Она покачала головой, а Клык снова оскалился. Да что же тут такого произошло?
— Ты ведь не убьешь меня, правда? — тихо спросила Ярви, отступая к двери. — Не убивай, пожалуйста…
За окном темнота, Ярви спит, нервно вздрагивая во сне. Тени смягчают черты лица, гладят волосы, скользят по губам, спускаются по шее, чтобы клубком темноты свернуться меж ключиц. А ему только и остается, что смотреть и завидовать теням, которые не понимают, сколь много им дано.
На столе белый лист, писать не получается: мысли путанные и беспомощные, как мальки в ведре. Ярви его боится. Все в деревне его боятся, но Фоме нет дела до всех. Все — это слишком много, а вот Ярви… утром пришлось успокаивать, убеждать, уговаривать… она поверила, вроде бы поверила, но все равно старалась не подходить близко. Больно и несправедливо.
«Я не знаю, что именно привело Ярви в больший ужас: то, что я убил троих человек, или то, что я выжил, хотя должен был умереть.
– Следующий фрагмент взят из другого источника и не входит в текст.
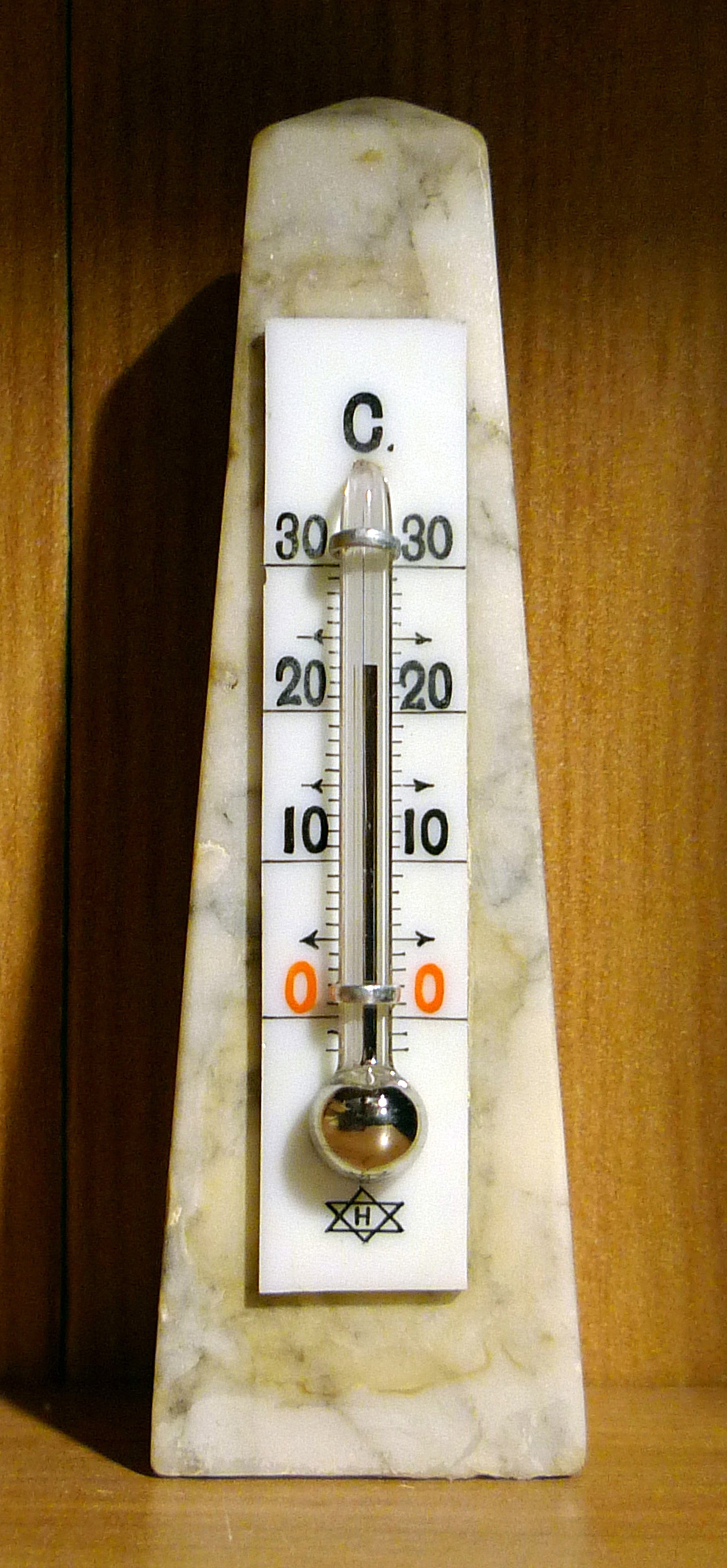 Mercury-in-glass thermometer for measurement of room temperature. Celsius scale.

Из ее рассказа удалось узнать, что я пришел домой сам, весь в крови. Особенно Ярви испугал нож в моей руке, и то, что я пытался говорить».
Фома отложил ручку, не получалось, ничего не получалось. Он хорошо помнил и слабость, и боль, и дыру в боку, сквозь которую розовыми пузырями вытекала кровь. Запах помнил, темную шею раненого, и то, как давился, захлебываясь теплой солоноватой жидкостью, но глотал, потому что хотел выжить. Выжил, и еще утром радовался этому, а теперь… его боялись. И Ярви, и Михель, и остальные тоже — Фома сходил к колодцу, не столько за водой, сколько для того, чтобы убедится в своих опасениях.
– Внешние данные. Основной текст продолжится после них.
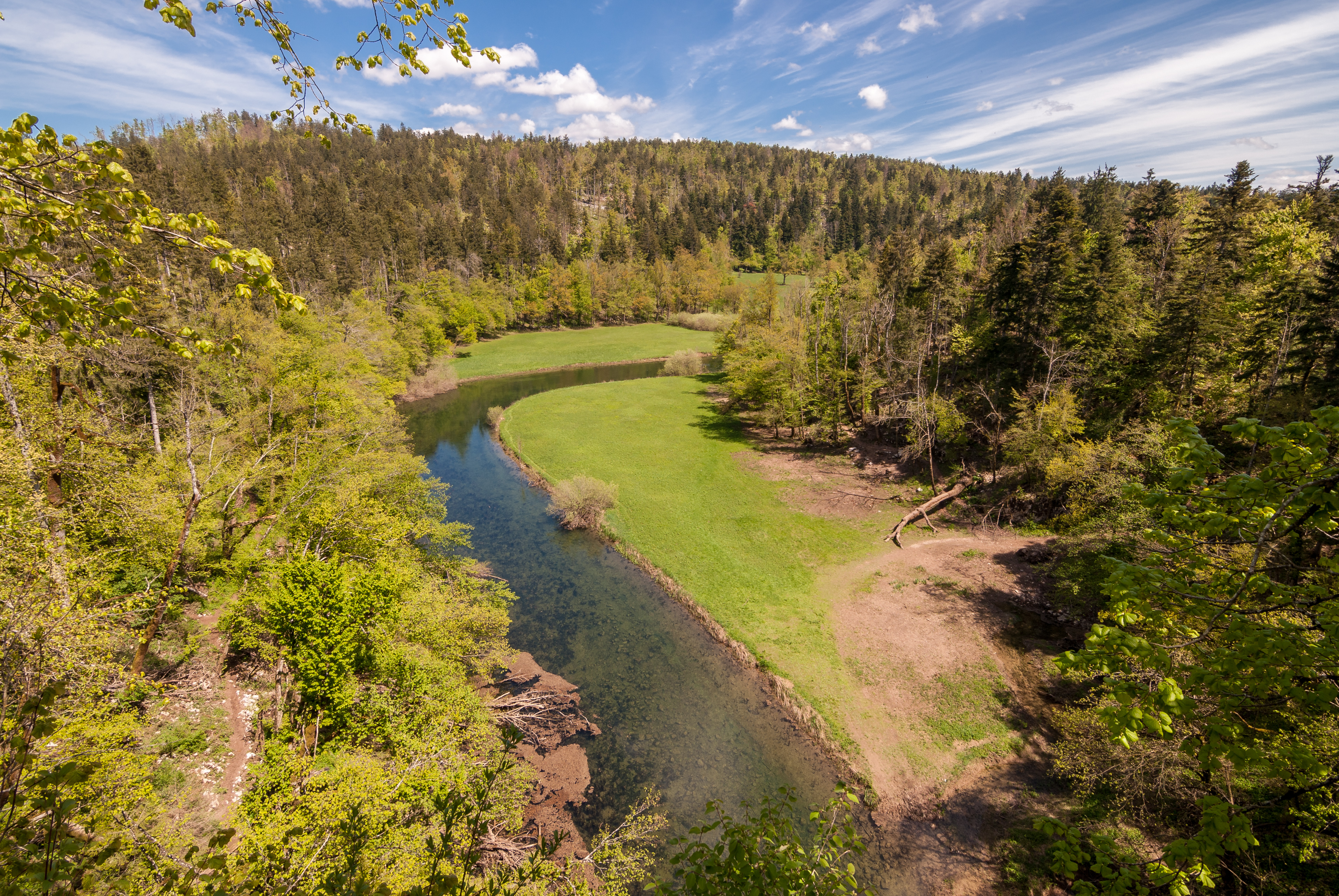 River Rak in Rakov Škocjan natural park

Молчание. Любопытные взгляды, быстрые, скользящие, чтобы не дай бог не заметил этого неназойливого, приправленного страхом внимания.
«Неужели кому-то жаль этих троих? Ведь все же понимают, что окажись на моем месте кто-то другой, то деревня скорее всего лишилась бы и стада, и пастуха. Понимают, но продолжают жалеть их, возмущаясь тем, что я не только убил, но и выжил. Неужели моя смерть примирила бы их с фактом убийства? Не понимаю, хотя честно пытаюсь понять».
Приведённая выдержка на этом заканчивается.